> Task description: Below are some records. Return exactly the lines from the one containing "L’ensemble de douche" through the one containing "Puris Rounds Spiegelschrank", both included, and only those.
** Opening Raw data block **
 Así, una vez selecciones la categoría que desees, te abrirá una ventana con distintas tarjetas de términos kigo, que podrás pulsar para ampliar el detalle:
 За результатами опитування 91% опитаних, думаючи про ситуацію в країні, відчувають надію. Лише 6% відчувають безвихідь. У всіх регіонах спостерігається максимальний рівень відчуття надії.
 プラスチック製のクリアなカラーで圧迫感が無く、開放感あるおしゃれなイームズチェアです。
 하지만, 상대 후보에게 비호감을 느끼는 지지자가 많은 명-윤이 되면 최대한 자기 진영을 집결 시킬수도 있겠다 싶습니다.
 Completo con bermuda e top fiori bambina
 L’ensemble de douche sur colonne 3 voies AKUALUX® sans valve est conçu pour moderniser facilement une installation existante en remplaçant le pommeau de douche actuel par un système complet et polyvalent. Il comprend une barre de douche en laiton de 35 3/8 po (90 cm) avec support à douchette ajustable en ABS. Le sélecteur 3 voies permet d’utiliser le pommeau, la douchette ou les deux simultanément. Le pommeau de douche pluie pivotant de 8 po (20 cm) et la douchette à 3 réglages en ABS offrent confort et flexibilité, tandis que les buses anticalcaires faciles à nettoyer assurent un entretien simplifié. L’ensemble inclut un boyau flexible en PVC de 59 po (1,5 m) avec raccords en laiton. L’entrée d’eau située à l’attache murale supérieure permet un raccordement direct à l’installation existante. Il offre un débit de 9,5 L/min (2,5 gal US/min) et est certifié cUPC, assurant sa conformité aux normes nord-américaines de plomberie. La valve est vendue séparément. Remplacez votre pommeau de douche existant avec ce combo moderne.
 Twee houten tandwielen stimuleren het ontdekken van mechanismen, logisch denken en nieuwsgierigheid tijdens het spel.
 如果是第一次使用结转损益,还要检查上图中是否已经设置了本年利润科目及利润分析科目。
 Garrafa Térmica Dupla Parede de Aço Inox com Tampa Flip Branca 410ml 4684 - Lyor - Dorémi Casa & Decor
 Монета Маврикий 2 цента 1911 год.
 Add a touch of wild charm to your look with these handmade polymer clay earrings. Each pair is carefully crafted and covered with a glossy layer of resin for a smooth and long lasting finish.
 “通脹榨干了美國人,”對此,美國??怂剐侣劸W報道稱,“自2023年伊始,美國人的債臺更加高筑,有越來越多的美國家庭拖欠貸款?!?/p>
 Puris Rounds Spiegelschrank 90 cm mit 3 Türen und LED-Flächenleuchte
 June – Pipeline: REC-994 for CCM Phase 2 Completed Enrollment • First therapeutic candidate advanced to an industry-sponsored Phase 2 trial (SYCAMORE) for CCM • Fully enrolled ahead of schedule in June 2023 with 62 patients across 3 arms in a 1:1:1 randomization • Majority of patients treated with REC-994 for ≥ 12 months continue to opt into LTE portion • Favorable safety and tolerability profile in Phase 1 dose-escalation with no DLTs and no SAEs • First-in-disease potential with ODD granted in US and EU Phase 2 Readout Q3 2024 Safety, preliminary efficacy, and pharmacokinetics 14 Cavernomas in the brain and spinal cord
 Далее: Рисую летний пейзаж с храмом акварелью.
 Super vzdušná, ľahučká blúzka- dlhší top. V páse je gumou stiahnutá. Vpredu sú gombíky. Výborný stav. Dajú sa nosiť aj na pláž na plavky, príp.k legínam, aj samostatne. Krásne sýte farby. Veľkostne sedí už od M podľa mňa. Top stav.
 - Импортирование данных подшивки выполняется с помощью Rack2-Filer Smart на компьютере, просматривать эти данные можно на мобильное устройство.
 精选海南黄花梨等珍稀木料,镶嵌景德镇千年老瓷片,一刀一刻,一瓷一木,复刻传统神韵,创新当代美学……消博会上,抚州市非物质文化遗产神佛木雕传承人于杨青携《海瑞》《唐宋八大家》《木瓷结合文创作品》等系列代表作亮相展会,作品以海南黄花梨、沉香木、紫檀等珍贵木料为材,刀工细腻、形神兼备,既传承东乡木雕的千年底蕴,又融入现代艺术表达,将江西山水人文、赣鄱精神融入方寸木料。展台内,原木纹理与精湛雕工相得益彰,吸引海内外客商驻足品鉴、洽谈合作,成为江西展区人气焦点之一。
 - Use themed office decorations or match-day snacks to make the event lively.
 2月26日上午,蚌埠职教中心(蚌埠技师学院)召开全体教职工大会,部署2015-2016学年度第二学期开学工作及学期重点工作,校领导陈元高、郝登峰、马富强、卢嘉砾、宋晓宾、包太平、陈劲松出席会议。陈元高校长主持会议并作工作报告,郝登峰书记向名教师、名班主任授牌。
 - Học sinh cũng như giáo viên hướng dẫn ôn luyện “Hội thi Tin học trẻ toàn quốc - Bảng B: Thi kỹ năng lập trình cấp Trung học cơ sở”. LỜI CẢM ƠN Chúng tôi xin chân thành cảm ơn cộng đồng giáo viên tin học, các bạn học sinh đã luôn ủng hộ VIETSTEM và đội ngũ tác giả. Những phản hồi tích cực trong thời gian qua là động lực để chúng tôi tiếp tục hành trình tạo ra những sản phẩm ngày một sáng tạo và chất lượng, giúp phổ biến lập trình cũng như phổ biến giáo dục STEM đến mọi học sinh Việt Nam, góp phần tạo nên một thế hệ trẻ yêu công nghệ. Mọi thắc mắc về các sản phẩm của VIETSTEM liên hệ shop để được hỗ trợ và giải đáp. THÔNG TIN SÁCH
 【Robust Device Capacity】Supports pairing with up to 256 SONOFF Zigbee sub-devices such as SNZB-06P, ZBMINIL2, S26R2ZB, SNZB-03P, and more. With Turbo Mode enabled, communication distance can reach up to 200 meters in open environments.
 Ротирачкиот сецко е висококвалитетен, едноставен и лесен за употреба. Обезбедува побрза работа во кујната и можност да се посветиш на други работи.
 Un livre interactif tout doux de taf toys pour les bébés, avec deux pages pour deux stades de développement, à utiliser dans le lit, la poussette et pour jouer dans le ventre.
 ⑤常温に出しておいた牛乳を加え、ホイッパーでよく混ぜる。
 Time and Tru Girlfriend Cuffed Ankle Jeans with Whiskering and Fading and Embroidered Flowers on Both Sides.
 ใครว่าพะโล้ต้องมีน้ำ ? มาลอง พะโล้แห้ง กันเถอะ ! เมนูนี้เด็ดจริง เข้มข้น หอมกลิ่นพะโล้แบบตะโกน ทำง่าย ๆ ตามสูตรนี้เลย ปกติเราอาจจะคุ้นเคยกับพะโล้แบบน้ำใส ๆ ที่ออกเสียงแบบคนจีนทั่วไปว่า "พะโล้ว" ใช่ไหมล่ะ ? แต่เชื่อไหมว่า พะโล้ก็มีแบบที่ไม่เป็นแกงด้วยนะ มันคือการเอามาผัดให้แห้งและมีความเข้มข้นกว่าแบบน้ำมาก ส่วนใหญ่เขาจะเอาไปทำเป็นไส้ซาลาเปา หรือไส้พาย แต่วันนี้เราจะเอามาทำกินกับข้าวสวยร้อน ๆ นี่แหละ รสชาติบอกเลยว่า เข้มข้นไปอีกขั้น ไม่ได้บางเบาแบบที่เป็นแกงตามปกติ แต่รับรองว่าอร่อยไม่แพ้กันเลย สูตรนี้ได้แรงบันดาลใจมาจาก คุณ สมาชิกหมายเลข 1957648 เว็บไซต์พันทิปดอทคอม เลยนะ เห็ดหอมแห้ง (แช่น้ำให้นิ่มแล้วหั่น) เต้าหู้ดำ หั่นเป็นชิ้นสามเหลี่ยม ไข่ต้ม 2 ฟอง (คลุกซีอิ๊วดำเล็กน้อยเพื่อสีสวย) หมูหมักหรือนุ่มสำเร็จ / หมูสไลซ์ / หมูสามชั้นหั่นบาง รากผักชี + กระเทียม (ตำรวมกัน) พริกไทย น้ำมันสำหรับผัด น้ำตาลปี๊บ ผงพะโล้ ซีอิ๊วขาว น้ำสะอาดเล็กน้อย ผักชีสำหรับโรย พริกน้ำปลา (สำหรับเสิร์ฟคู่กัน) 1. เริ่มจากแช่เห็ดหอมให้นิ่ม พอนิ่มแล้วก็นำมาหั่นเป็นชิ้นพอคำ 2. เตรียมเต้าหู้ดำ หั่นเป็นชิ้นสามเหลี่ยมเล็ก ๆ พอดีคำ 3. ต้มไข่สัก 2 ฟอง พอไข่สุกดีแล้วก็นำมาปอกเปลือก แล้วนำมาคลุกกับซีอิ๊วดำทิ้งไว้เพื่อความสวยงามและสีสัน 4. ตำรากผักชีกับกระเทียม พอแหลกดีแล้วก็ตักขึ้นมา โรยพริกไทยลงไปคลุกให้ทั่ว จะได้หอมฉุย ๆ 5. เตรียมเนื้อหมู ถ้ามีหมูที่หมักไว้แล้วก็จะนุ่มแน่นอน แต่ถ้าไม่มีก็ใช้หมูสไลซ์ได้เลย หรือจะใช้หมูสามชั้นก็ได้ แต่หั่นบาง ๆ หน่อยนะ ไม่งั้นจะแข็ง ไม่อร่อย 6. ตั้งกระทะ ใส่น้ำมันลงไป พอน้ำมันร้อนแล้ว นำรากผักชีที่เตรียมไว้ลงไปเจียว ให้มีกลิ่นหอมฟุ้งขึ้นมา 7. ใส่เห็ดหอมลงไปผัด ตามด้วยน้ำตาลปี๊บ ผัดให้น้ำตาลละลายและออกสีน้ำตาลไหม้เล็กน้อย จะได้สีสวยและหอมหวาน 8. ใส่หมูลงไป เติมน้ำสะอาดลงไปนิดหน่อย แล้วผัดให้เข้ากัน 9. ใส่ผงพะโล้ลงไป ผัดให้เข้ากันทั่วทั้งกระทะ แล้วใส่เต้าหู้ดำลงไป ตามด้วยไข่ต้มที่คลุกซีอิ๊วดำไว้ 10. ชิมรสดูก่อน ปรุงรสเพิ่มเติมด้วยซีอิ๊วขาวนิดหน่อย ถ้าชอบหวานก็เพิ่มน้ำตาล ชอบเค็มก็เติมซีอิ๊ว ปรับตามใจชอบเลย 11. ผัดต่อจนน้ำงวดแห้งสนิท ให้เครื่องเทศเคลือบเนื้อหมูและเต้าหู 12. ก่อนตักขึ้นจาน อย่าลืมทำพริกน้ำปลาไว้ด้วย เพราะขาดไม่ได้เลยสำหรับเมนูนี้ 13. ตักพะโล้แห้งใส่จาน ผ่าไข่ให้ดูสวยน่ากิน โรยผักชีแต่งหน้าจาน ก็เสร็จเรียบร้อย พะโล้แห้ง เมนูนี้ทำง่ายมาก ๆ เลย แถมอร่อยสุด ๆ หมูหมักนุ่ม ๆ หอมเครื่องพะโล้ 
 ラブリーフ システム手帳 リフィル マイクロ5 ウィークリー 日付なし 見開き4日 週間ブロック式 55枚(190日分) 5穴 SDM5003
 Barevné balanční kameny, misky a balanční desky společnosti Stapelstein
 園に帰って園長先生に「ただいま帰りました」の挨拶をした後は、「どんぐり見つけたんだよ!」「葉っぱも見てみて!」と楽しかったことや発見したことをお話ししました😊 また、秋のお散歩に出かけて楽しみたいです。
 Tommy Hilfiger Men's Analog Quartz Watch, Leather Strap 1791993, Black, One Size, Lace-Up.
** Closing Raw data block **
> Your response:
 L’ensemble de douche sur colonne 3 voies AKUALUX® sans valve est conçu pour moderniser facilement une installation existante en remplaçant le pommeau de douche actuel par un système complet et polyvalent. Il comprend une barre de douche en laiton de 35 3/8 po (90 cm) avec support à douchette ajustable en ABS. Le sélecteur 3 voies permet d’utiliser le pommeau, la douchette ou les deux simultanément. Le pommeau de douche pluie pivotant de 8 po (20 cm) et la douchette à 3 réglages en ABS offrent confort et flexibilité, tandis que les buses anticalcaires faciles à nettoyer assurent un entretien simplifié. L’ensemble inclut un boyau flexible en PVC de 59 po (1,5 m) avec raccords en laiton. L’entrée d’eau située à l’attache murale supérieure permet un raccordement direct à l’installation existante. Il offre un débit de 9,5 L/min (2,5 gal US/min) et est certifié cUPC, assurant sa conformité aux normes nord-américaines de plomberie. La valve est vendue séparément. Remplacez votre pommeau de douche existant avec ce combo moderne.
 Twee houten tandwielen stimuleren het ontdekken van mechanismen, logisch denken en nieuwsgierigheid tijdens het spel.
 如果是第一次使用结转损益,还要检查上图中是否已经设置了本年利润科目及利润分析科目。
 Garrafa Térmica Dupla Parede de Aço Inox com Tampa Flip Branca 410ml 4684 - Lyor - Dorémi Casa & Decor
 Монета Маврикий 2 цента 1911 год.
 Add a touch of wild charm to your look with these handmade polymer clay earrings. Each pair is carefully crafted and covered with a glossy layer of resin for a smooth and long lasting finish.
 “通脹榨干了美國人,”對此,美國??怂剐侣劸W報道稱,“自2023年伊始,美國人的債臺更加高筑,有越來越多的美國家庭拖欠貸款?!?/p>
 Puris Rounds Spiegelschrank 90 cm mit 3 Türen und LED-Flächenleuchte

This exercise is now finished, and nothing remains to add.